We do not know the limits of this agency, and many of the insects habitually regarded as unqualified pests, may directly or indirectly perform functions as important to the most valuable plants as the services rendered by certain tribes to the orchids. I say directly or indirectly, because, besides the other arrangements of nature for chocking the undue multiplication of particular species, she has established a police among insects themselves, by which some of them keep down or promote the increase of others; for there are insects, as well as birds and beasts, of prey. The existence of an insect which fertilizes a useful vegetable may depend on that of another insect which constitutes his food in some stage of his life, and this other again may be as injurious to some plant as his destroyer is to a different species.

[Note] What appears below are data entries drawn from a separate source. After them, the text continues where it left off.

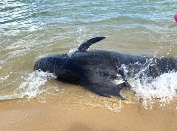 Cá Ông nặng hơn 3 tạ bị mắc cạn tại bờ biển Quảng Ngãi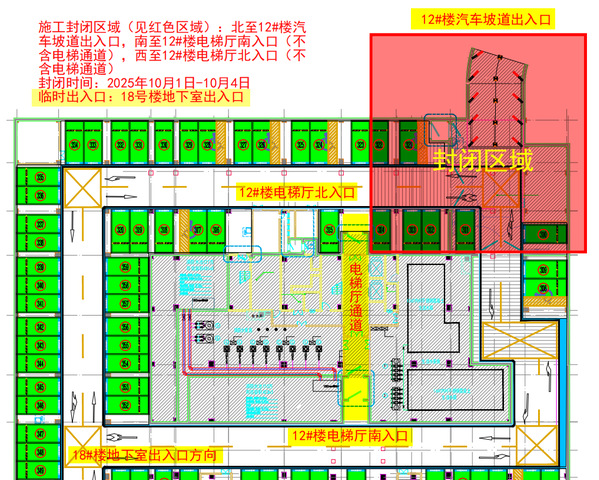 三、10月1日至10月4日,对行政楼地下车库入口段环氧地坪污损区域进行修复,具体为:北至12#楼汽车坡道出入口,南至12#楼电梯厅南入口(不含电梯通道),西至12#楼电梯厅北入口(不含电梯通道)。施工封闭期间请走18号楼地下室出入口。详见示意图: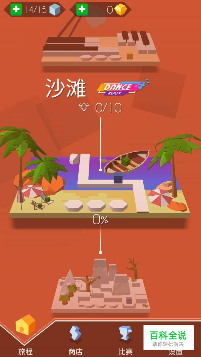 首先,打开跳舞的线首页,会发现在底端有旅程、商店、比赛、设置四个选项,我们可以选择自己想要的进行游戏

The ancients, according to Pliny, were accustomed to hang branches of the wild fig upon the domestic tree, in order that the insects which frequented the former might hasten the ripening of the cultivated fig by their punctures—or, as others suppose, might fructify it by transporting to it the pollen of the wild fruit—and this process, called caprification, is not yet entirely obsolete. [Footnote: The utility of caprification has been a good deal disputed, and it has, I believe, been generally abandoned in Italy, though still practised in Greece. See Browne, The Trees of America, p. 475, and on caprification in Kabylia, N. Bibesco, Les Kabyles du Djardjura, in Revue des Deux Mondes for April 1st, 1805, p. 580; also, Aus der Natur, vol. xxx., p. 684, and Phipson,

Utilization of Minute Life, p. 50. In some parts of Sicily, sprigs of mint, mentha pulegium, are used instead of branches of the wild for caprification. Pitre, Usi popolari Siciliani, 1871, p. 18.]

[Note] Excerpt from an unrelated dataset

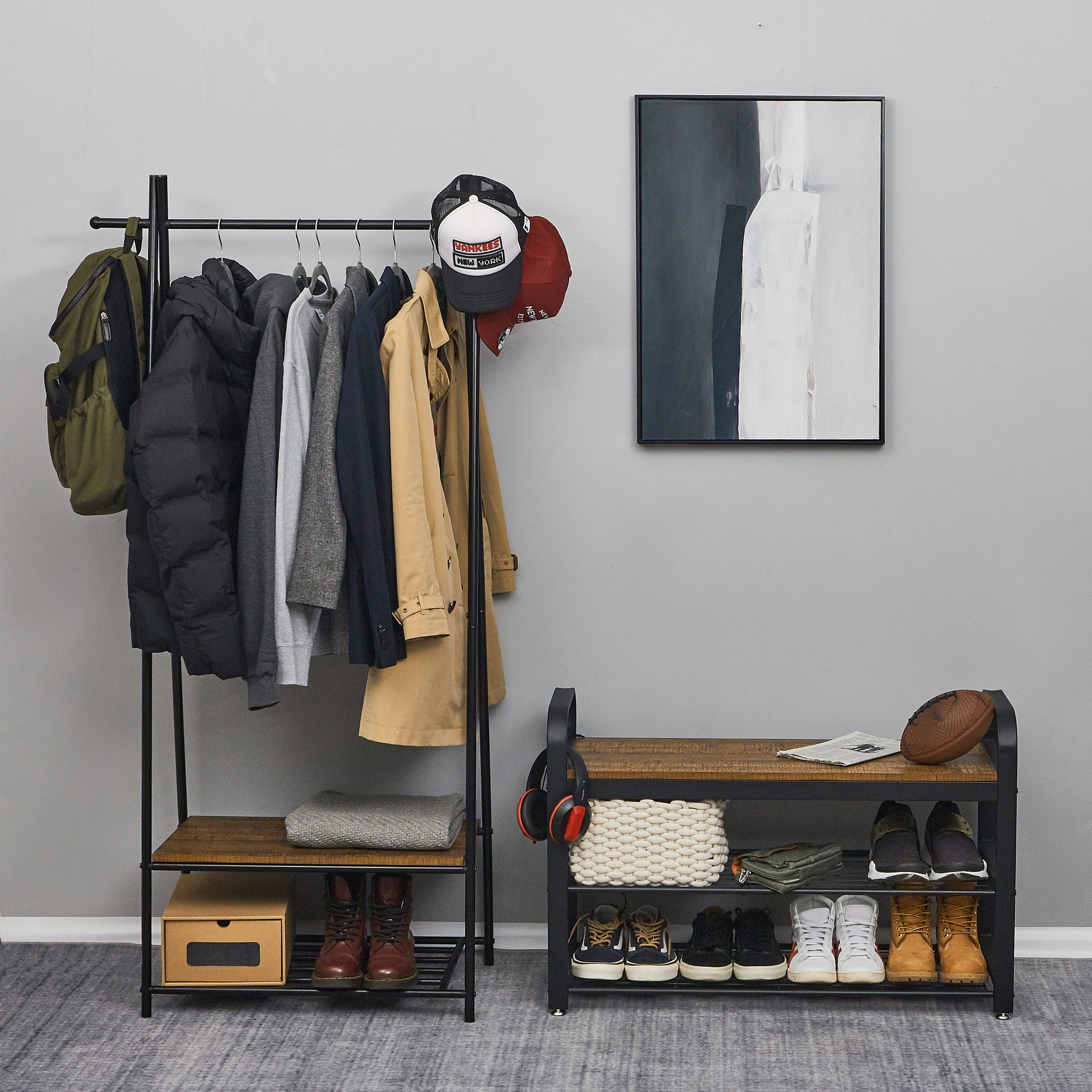- Retro design: The matching design made of black metal-iron frame and wood grain is simple and beautiful and practical. This shoe stool can be placed in the foyer or bedroom to make your home cleaner and more comfortable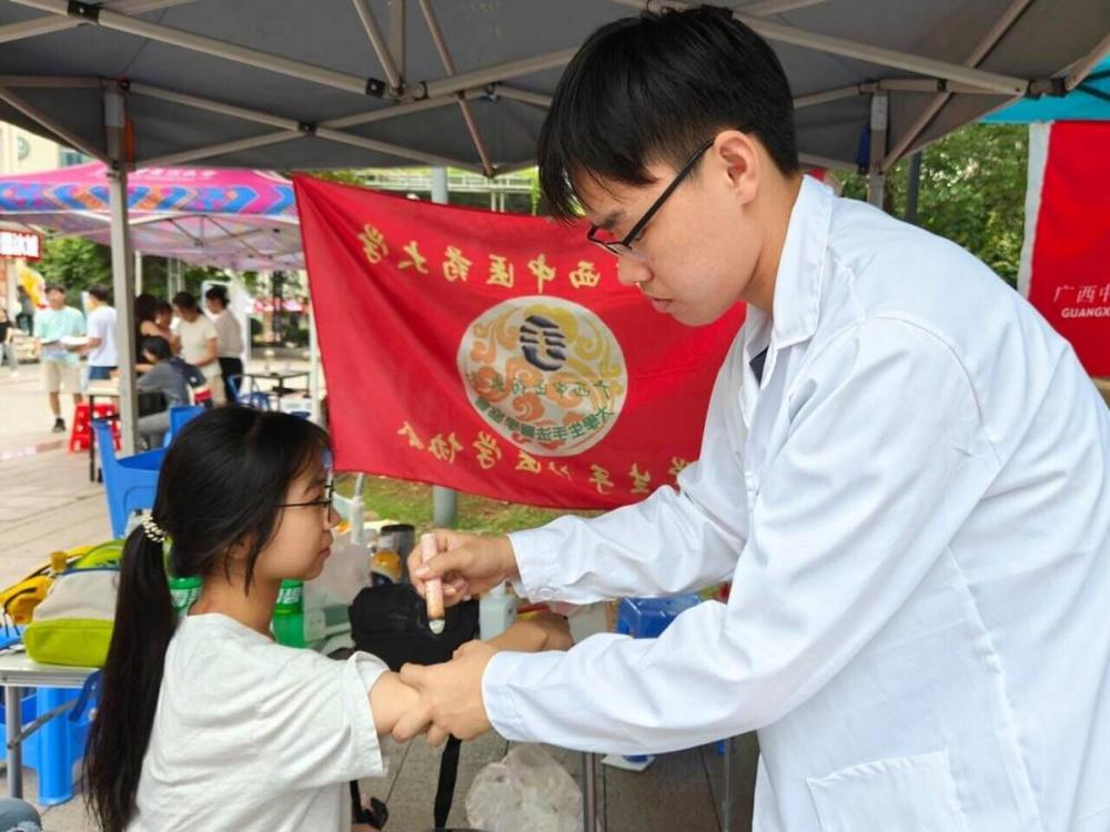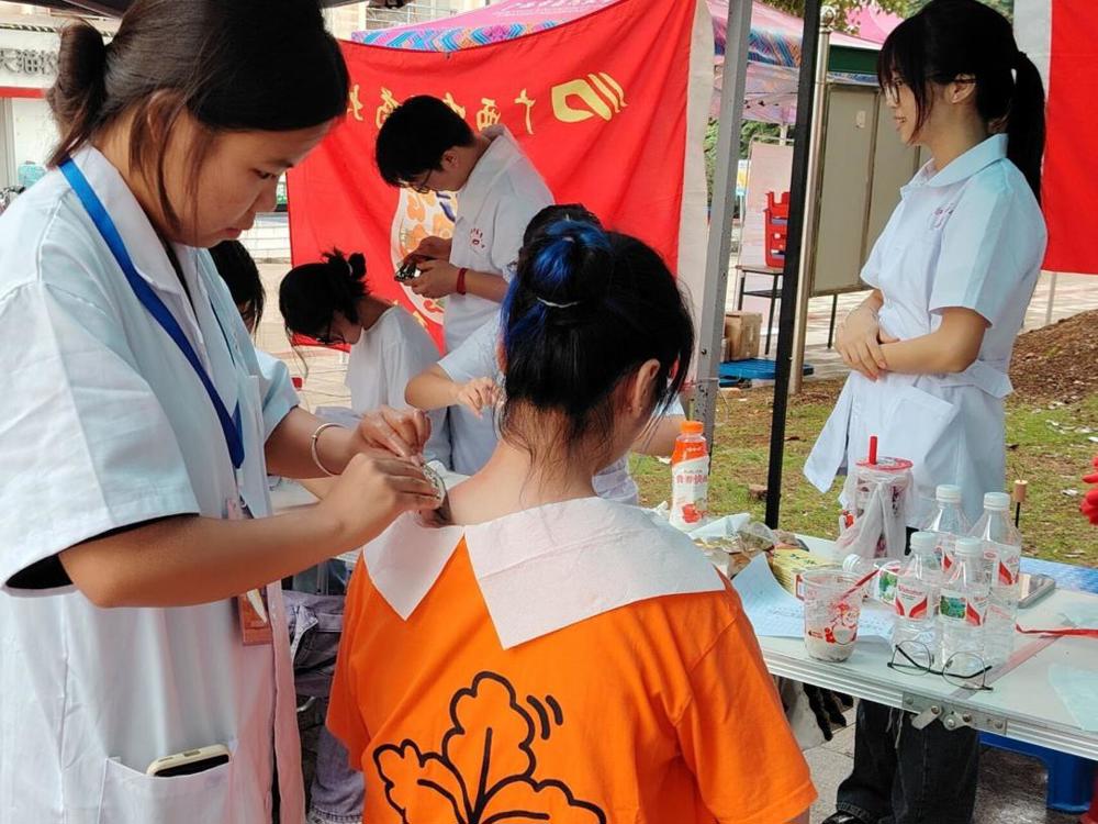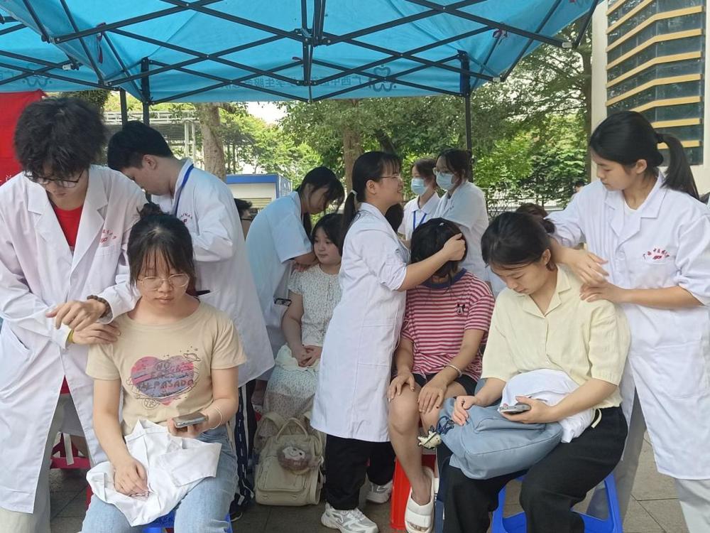 活动旨在为点点体育学生缓解学生课业压力,帮助他们放松身体,弘扬中医药传统文化。活动现场布置井然有序,设置了艾灸、刮痧和推拿三个区域。同学们参与活动积极性很高,纷纷有序排队,等待享受中医养生服务。总队的队员运用自身所学专业知识,在为前来体验的学生提供养生服务的同时,进一步提升了专业技能,也对自我价值有了更加深刻的认识,他们熟练的手法和细致的服务赢得了学生的一致好评。同学们通过亲身体验中医养生服务,也更加深刻地感受到了中医药文化的博大精深和独特魅力。

The perforations of the earthworms and of many insect larvae mechanically affect the texture of the soil and its permeability by water, and they therefore have a certain influence on the form and character of terrestrial surface. The earthworms long ago made good their title to the respect and gratitude of the farmer as well as of the angler. Their utility has been pointed out in many scientific as well as in many agricultural treatises. The following extract from an essay on this subject will answer my present purpose:

"Worms are great assistants to the drainer, and valuable aids to the fanner in keeping up the fertility of the soil. They love moist, but not wet soils; they will bore down to, but not into water; they multiply rapidly on land after drainage, and prefer a deeply-dried soil. On examining part of a field which had been deeply drained, after long-previous shallow drainage, it was found that the worms had greatly increased in number, and that their bores descended quite to the level of the pipes. Many worm-bores were large enough to receive the little finger. A piece of land near the sea, in Lincolnshire, over which the sea had broken and killed all the worms, remained sterile until the worms again inhabited it. A piece of pasture land, in which worms were in such numbers that it was thought their casts interfered too much with its produce, was rolled at night in order to destroy the worms. The result was, that the fertility of the field greatly declined, nor was it restored until they had recruited their numbers, which was aided by collecting and transporting multitudes of worms from the fields.

"The great depth into which worms will bore, and from which they push up fine fertile soil, and cast it on the surface, have been well shown by the fact that in a few years they have actually elevated the surface of fields by a largo layer of rich mould, several inches thick, thus affording nourishment to the roots of grasses, and increasing the productiveness of the soil."